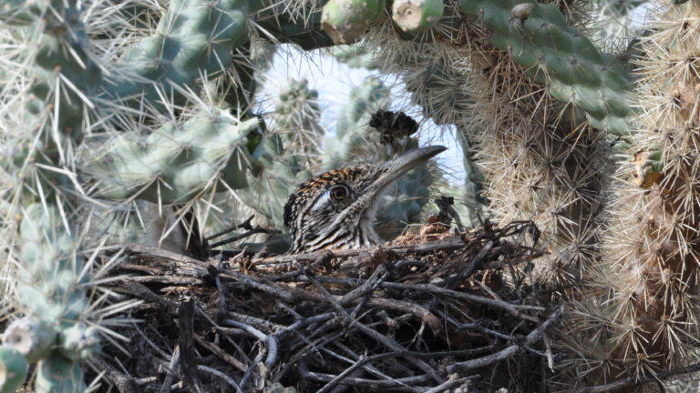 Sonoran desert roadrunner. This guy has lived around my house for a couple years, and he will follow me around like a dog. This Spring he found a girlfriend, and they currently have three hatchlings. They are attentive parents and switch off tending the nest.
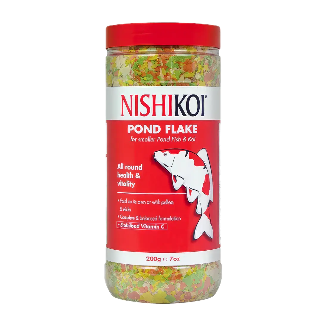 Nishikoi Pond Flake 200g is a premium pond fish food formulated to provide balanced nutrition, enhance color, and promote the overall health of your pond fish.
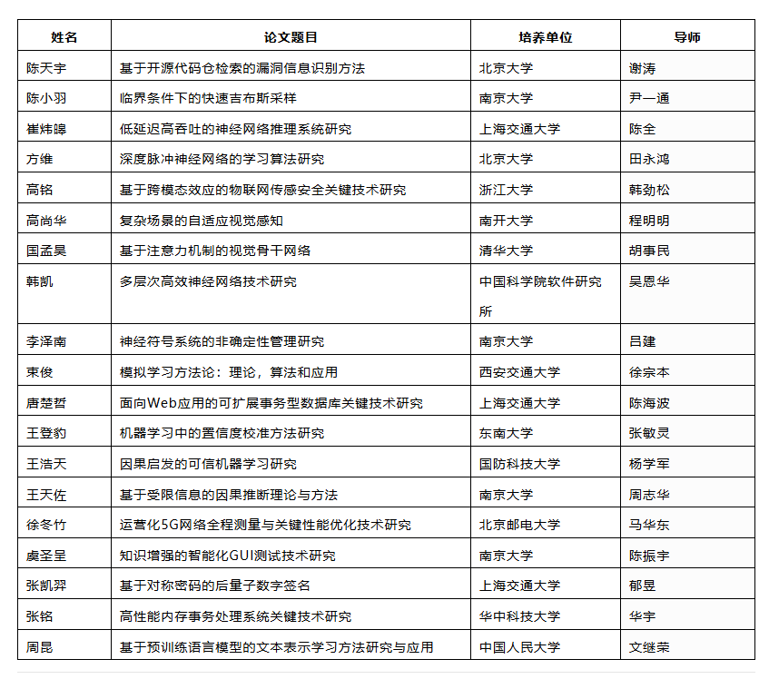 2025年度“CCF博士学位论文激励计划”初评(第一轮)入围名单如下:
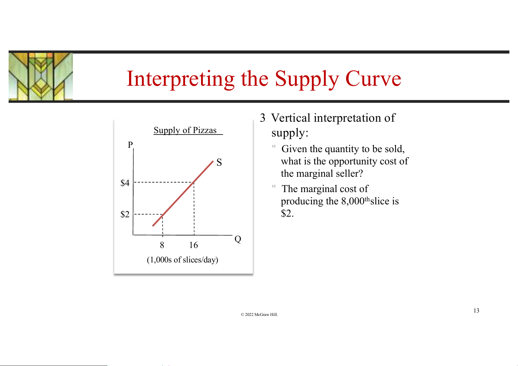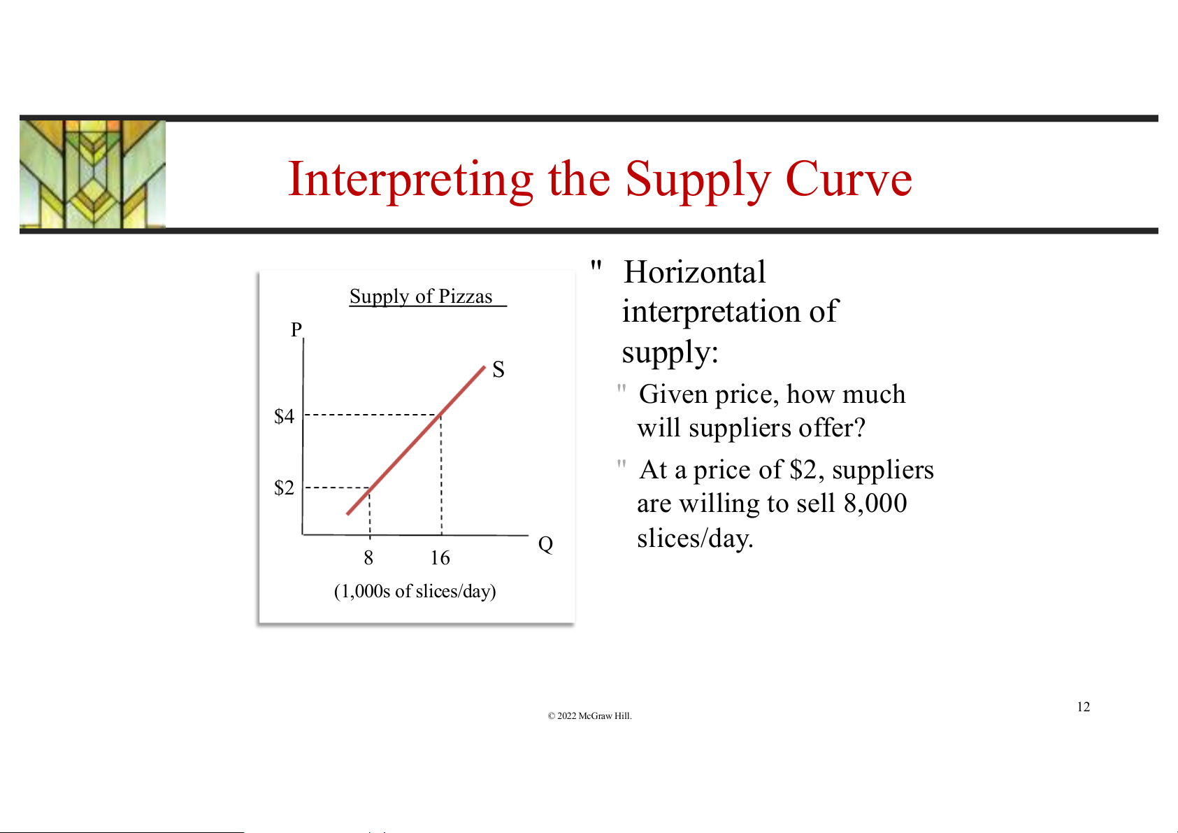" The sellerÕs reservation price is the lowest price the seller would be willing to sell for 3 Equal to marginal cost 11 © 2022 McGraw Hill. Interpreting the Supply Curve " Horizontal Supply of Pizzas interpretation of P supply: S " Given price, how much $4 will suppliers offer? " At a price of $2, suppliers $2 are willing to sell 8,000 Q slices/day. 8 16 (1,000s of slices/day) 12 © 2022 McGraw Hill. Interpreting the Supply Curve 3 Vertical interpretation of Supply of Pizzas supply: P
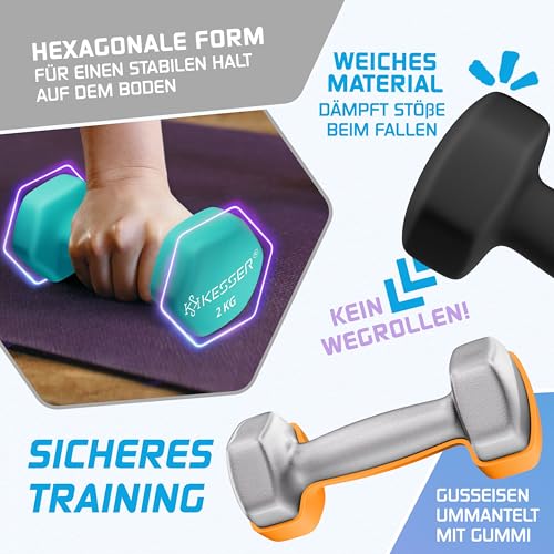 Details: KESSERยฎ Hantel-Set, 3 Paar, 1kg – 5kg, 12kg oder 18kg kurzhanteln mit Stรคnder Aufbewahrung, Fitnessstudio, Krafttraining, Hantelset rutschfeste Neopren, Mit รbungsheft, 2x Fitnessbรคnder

Try it =>
Without the pictures, transcribe the listing above exactly.

Finished task =>
 Sonoran desert roadrunner. This guy has lived around my house for a couple years, and he will follow me around like a dog. This Spring he found a girlfriend, and they currently have three hatchlings. They are attentive parents and switch off tending the nest.
 Nishikoi Pond Flake 200g is a premium pond fish food formulated to provide balanced nutrition, enhance color, and promote the overall health of your pond fish.
 2025年度“CCF博士学位论文激励计划”初评(第一轮)入围名单如下:
" The sellerÕs reservation price is the lowest price the seller would be willing to sell for 3 Equal to marginal cost 11 © 2022 McGraw Hill. Interpreting the Supply Curve " Horizontal Supply of Pizzas interpretation of P supply: S " Given price, how much $4 will suppliers offer? " At a price of $2, suppliers $2 are willing to sell 8,000 Q slices/day. 8 16 (1,000s of slices/day) 12 © 2022 McGraw Hill. Interpreting the Supply Curve 3 Vertical interpretation of Supply of Pizzas supply: P
 Details: KESSERยฎ Hantel-Set, 3 Paar, 1kg – 5kg, 12kg oder 18kg kurzhanteln mit Stรคnder Aufbewahrung, Fitnessstudio, Krafttraining, Hantelset rutschfeste Neopren, Mit รbungsheft, 2x Fitnessbรคnder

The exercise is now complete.